Schematic of the E. coli co-expression system used for the aldehyde tagging of proteins in vivo. (A) the reconstructed plasmids; (B) the expression of four kinds ST2570 that are either wildtype enzymes or modified enzymes with aldehyde groups in different positions; (C) the one-step specific immobilization of ST2570; (D) the immobilized ST2570.

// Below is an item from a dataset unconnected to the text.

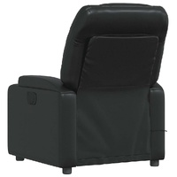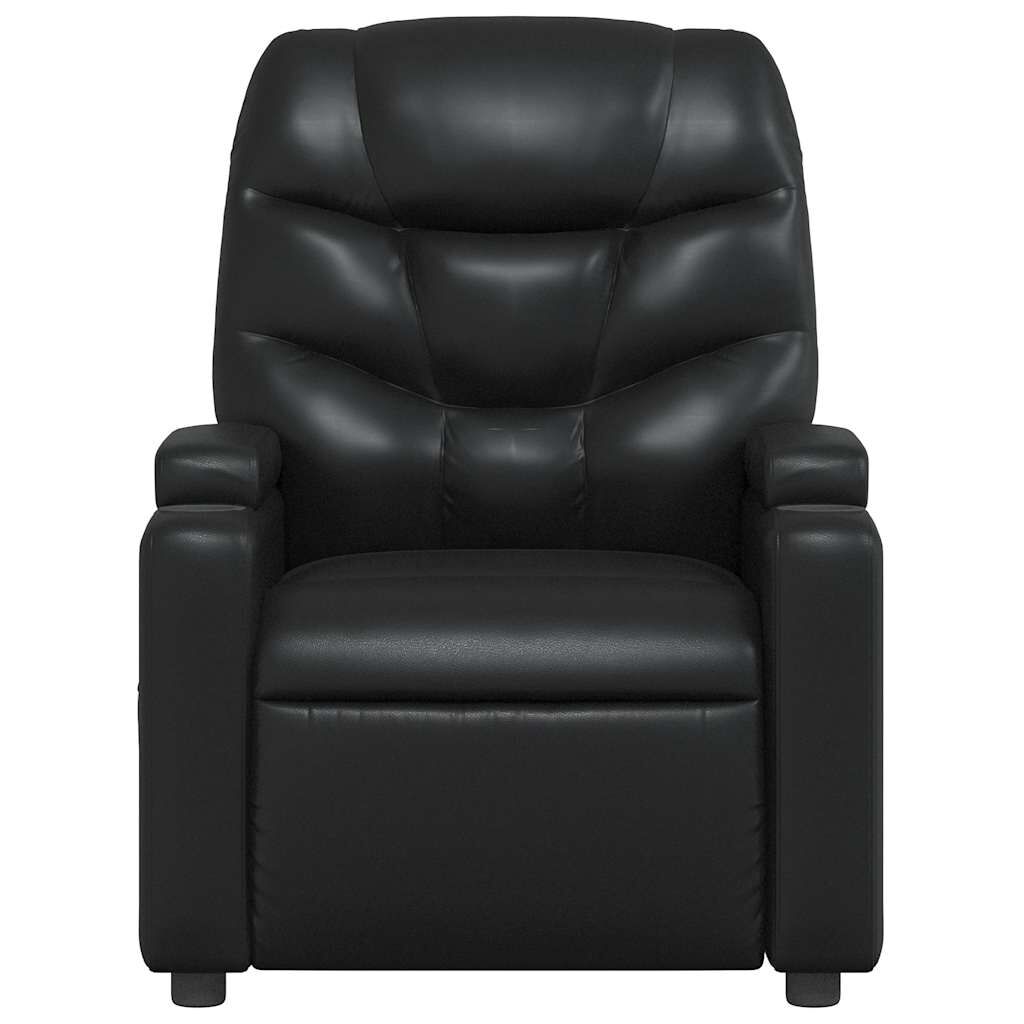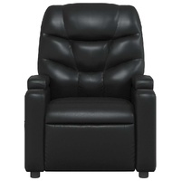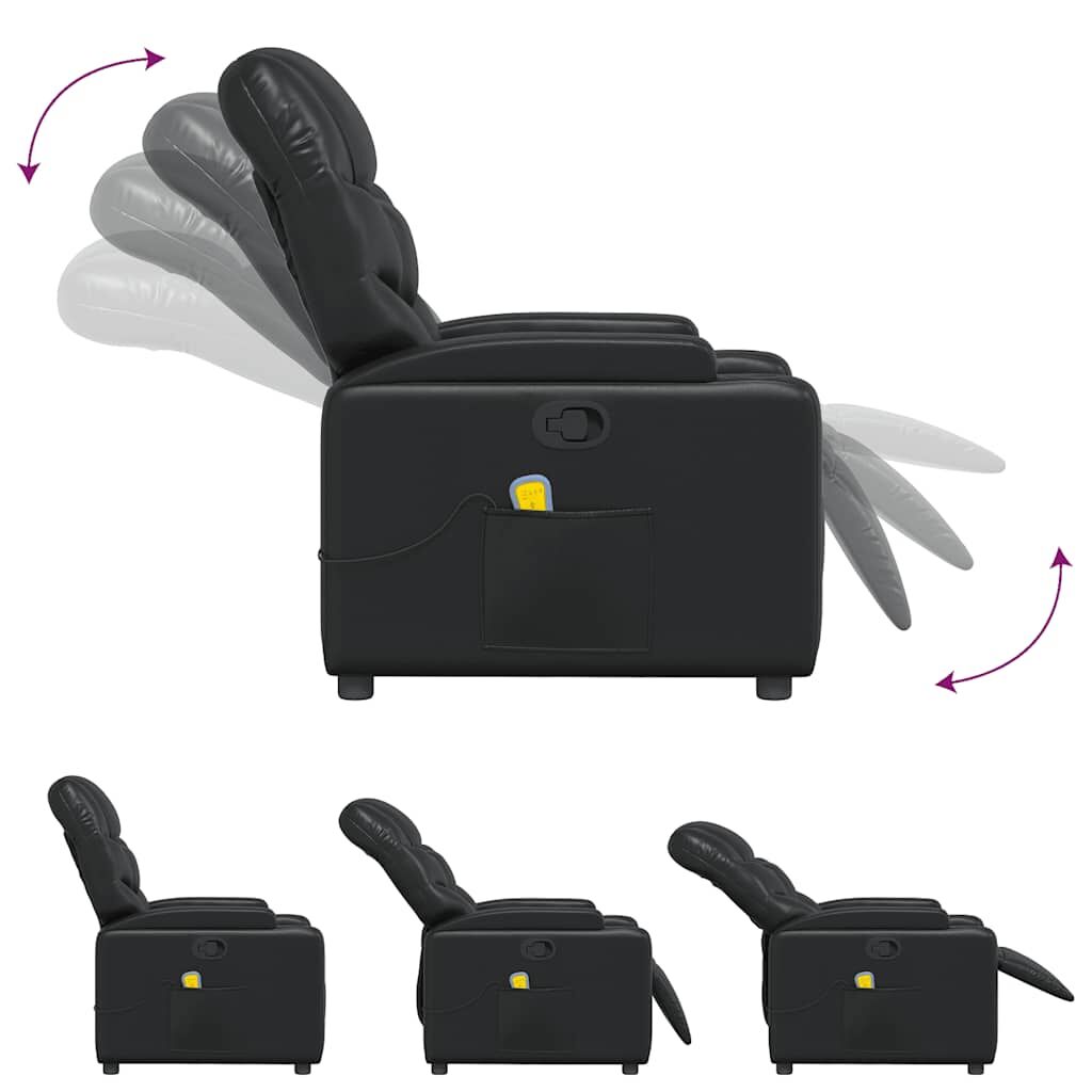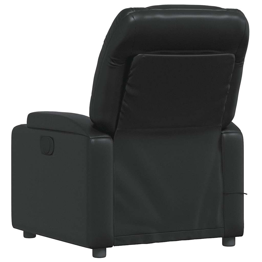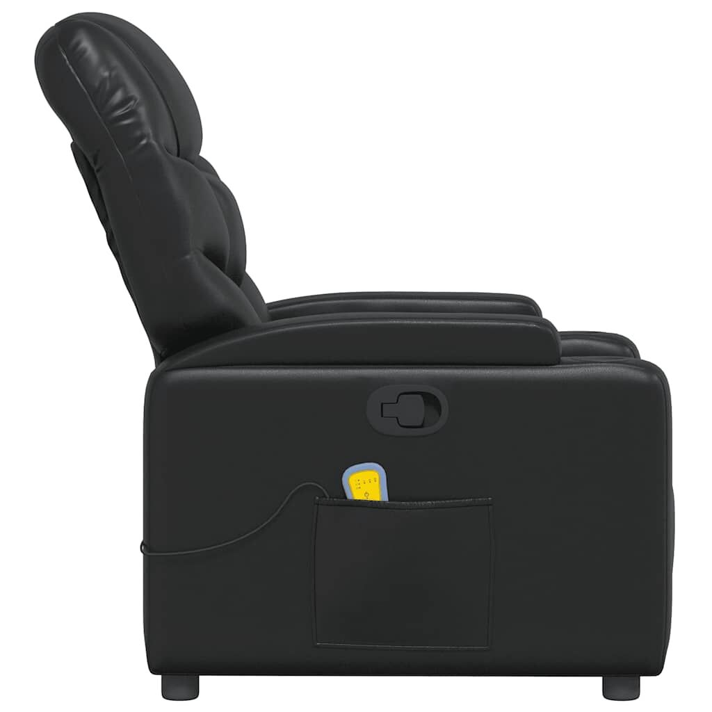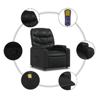Sit back and drift away in this highly comfortable massage recliner chair! Manual reclining function: This reclining chair has a handle on the right side. You can manually adjust the footrest and the backrest to any position as per your comfort with a simple pull of the handle. This feature allows for a maximum tilt of 135 degrees. Additionally, the backrest can go quickly back to the original place with an easy pull of the handle.Vibration function: The featured 6 massage points let you experience a better-targeted massage. Additionally, the included hand control allows you to pick different massage programs. The massage function is powered by the USB connector, but the certified 5V USB power source is not included.Comfortable seat experience: The thickly padded seat, backrest, and wide armrests covered in faux leather provide a cosy sensation, making you feel embraced while seated. The faux leather is a highly durable material. It is resistant to stain, making it easy to clean with a damp cloth. The smooth surface also gives a luxurious look and the beauty of real leather.Convenient cup holders and side pocket: This armchair has two convenient cup holders for your drinks and a side pocket for your remote control or keeping your essential items within easy reach.Solid and stable frame: The frame made of wood and metal provides a strong structure and stability. This reclining armchair is comfortable and durable.

It is well-known that both the method and the support used might impact the efficiency of enzyme immobilization. Inorganic supports can form manageable particles with large surface areas, are reactive towards derivatizing/functionalizing agents and present excellent thermal and microbial resistance, reasonable mechanical strength and chemical resistance under operational conditions. On the other hand, mesoporous supports not only exhibit a very high specific surface (up to 500 m2/g), but can also host the enzyme molecules within pores and protect against physical and mechanical damages [20]. Fortunately, SBA-15 has all the advantages above and was selected as the support. Amino functionalized SBA-15 is also low-cost and convenient for the one-step specific immobilization of ST2570 (Scheme 1C).

2. Results and Discussion

2.1. Expression and Purification

The aldehyde tag (LCTPSR) was ligated into the C or N-terminal or both terminals of ST2570 using the reconstructed plasmid pET28a. However, results showed that the aldehyde tag variably affected the protein expression level and enzyme activity (Figure 1). Unlike wildtype proteins, all of the aldehyde-tagged ST2570 reduced the level of expression, which can evidently affect the enzyme activity. The C-terminal tag improved the activity of enzyme, despite a reduced level of expression, but the enzyme with double-sided aldehyde tags lost almost all activity. These results indicated that the fused polypeptide tag affects protein folding and the tertiary structure.

Figure 1

Effect of the fused aldehyde tag on the expression level and activity of the recombinant protein ST2570.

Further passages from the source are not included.